[Start of section]

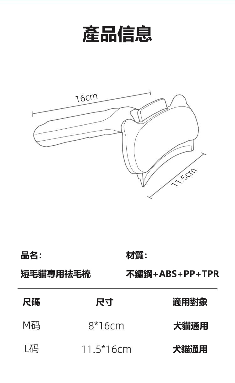 2分鐘前 貓犬通用 寵物祛浮毛梳子 不傷皮膚 一鍵去毛 弧形設計 圓潤梳齒 - 【嘗鮮價】2入組-NT$998 均價499/入
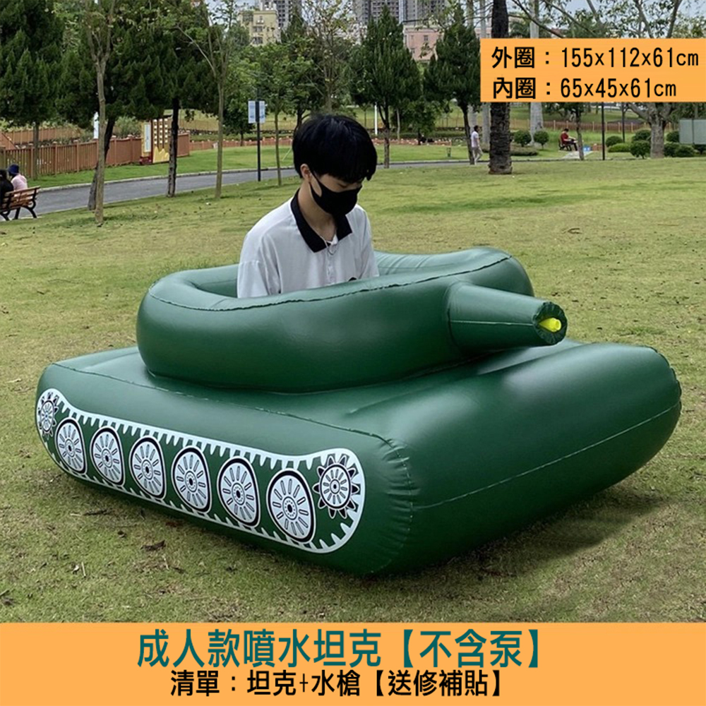 Adult-sized water battle tanks, inflatable water-spraying vehicles, inflatable swim rings, outdoor water toys.
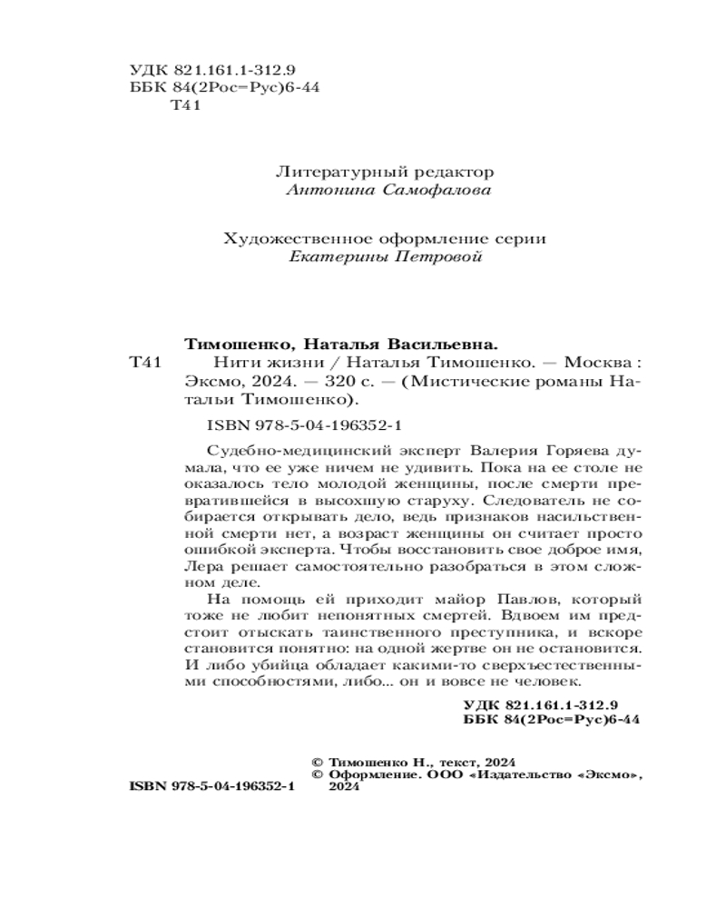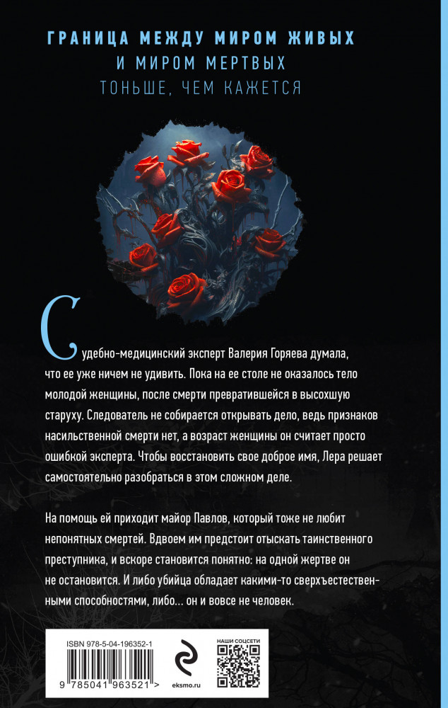 Судебно-медицинский эксперт Валерия Горяева думала, что ее уже ничем не удивить. Пока на ее столе не оказалось тело молодой женщины, после смерти превратившейся в высохшую старуху. Следователь не собирается открывать дело, ведь признаков насильственной смерти нет, а возраст женщины он считает просто ошибкой эксперта. Чтобы восстановить свое доброе имя, Лера решает самостоятельно разобраться в этом сложном деле. На помощь ей приходит майор Павлов, который тоже не любит непонятных смертей. Вдвоем им предстоит отыскать таинственного преступника, и вскоре становится понятно: на одной жертве он не остановится. И либо убийца обладает какими-то сверхъестественными способностями, либо... он и вовсе не человек. |
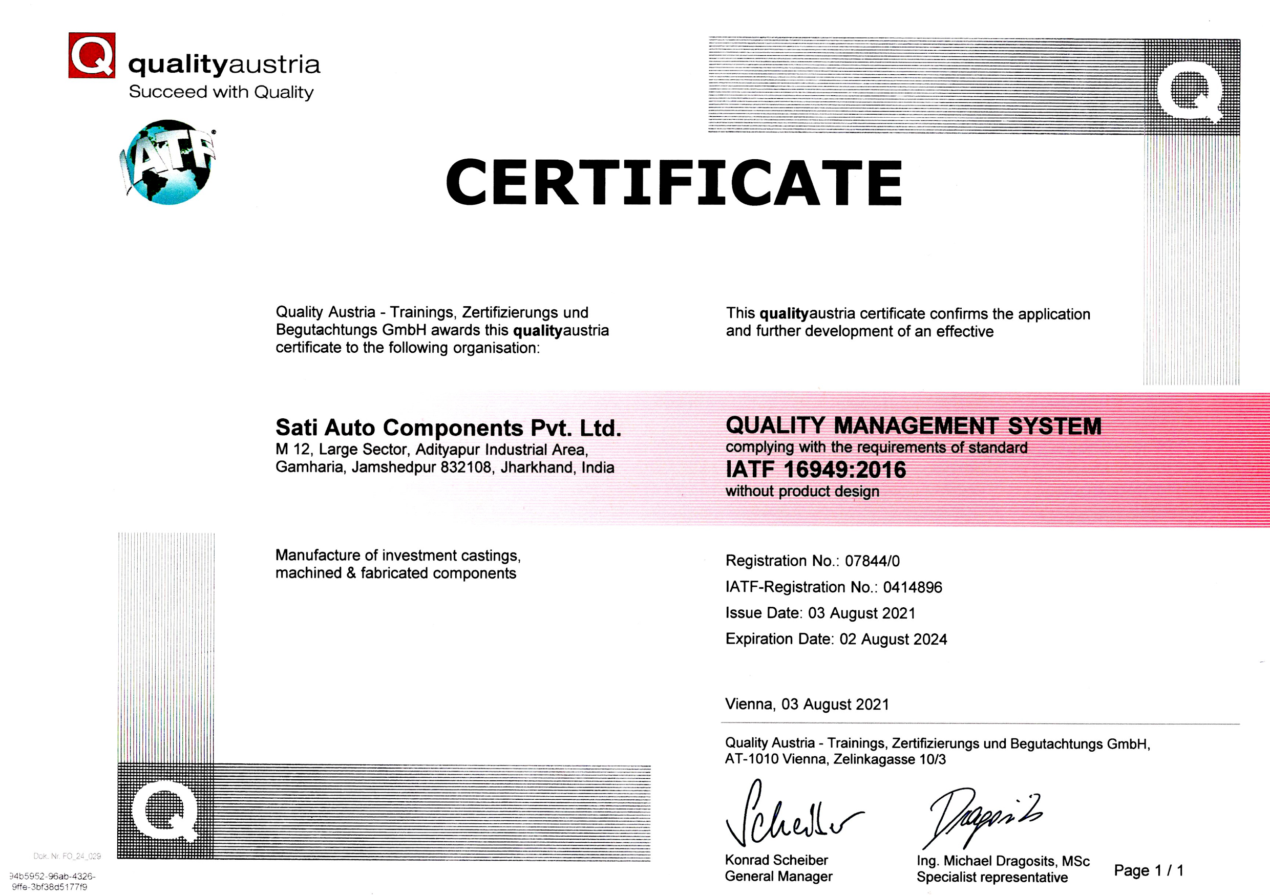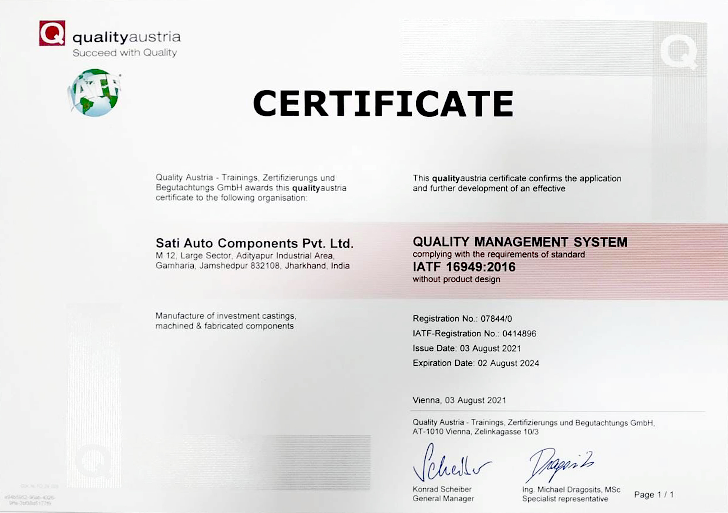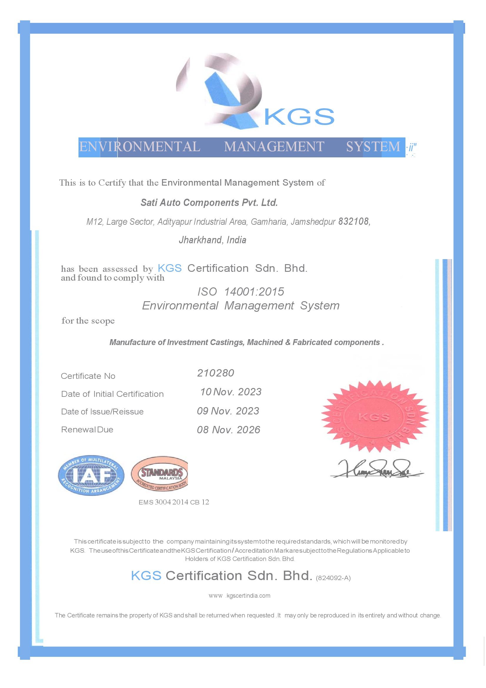 We are an IATF/16949:2016 certified auto components manufacturing company situated at Adityapur Industrial Area, Seraikela-Kharsawan , Jharkhand - 832108.

[End of section]

Produce a verbatim transcription of every line in the listing, images omitted.

[Response area]:
 2分鐘前 貓犬通用 寵物祛浮毛梳子 不傷皮膚 一鍵去毛 弧形設計 圓潤梳齒 - 【嘗鮮價】2入組-NT$998 均價499/入
 Adult-sized water battle tanks, inflatable water-spraying vehicles, inflatable swim rings, outdoor water toys.
 Судебно-медицинский эксперт Валерия Горяева думала, что ее уже ничем не удивить. Пока на ее столе не оказалось тело молодой женщины, после смерти превратившейся в высохшую старуху. Следователь не собирается открывать дело, ведь признаков насильственной смерти нет, а возраст женщины он считает просто ошибкой эксперта. Чтобы восстановить свое доброе имя, Лера решает самостоятельно разобраться в этом сложном деле. На помощь ей приходит майор Павлов, который тоже не любит непонятных смертей. Вдвоем им предстоит отыскать таинственного преступника, и вскоре становится понятно: на одной жертве он не остановится. И либо убийца обладает какими-то сверхъестественными способностями, либо... он и вовсе не человек. |
 We are an IATF/16949:2016 certified auto components manufacturing company situated at Adityapur Industrial Area, Seraikela-Kharsawan , Jharkhand - 832108.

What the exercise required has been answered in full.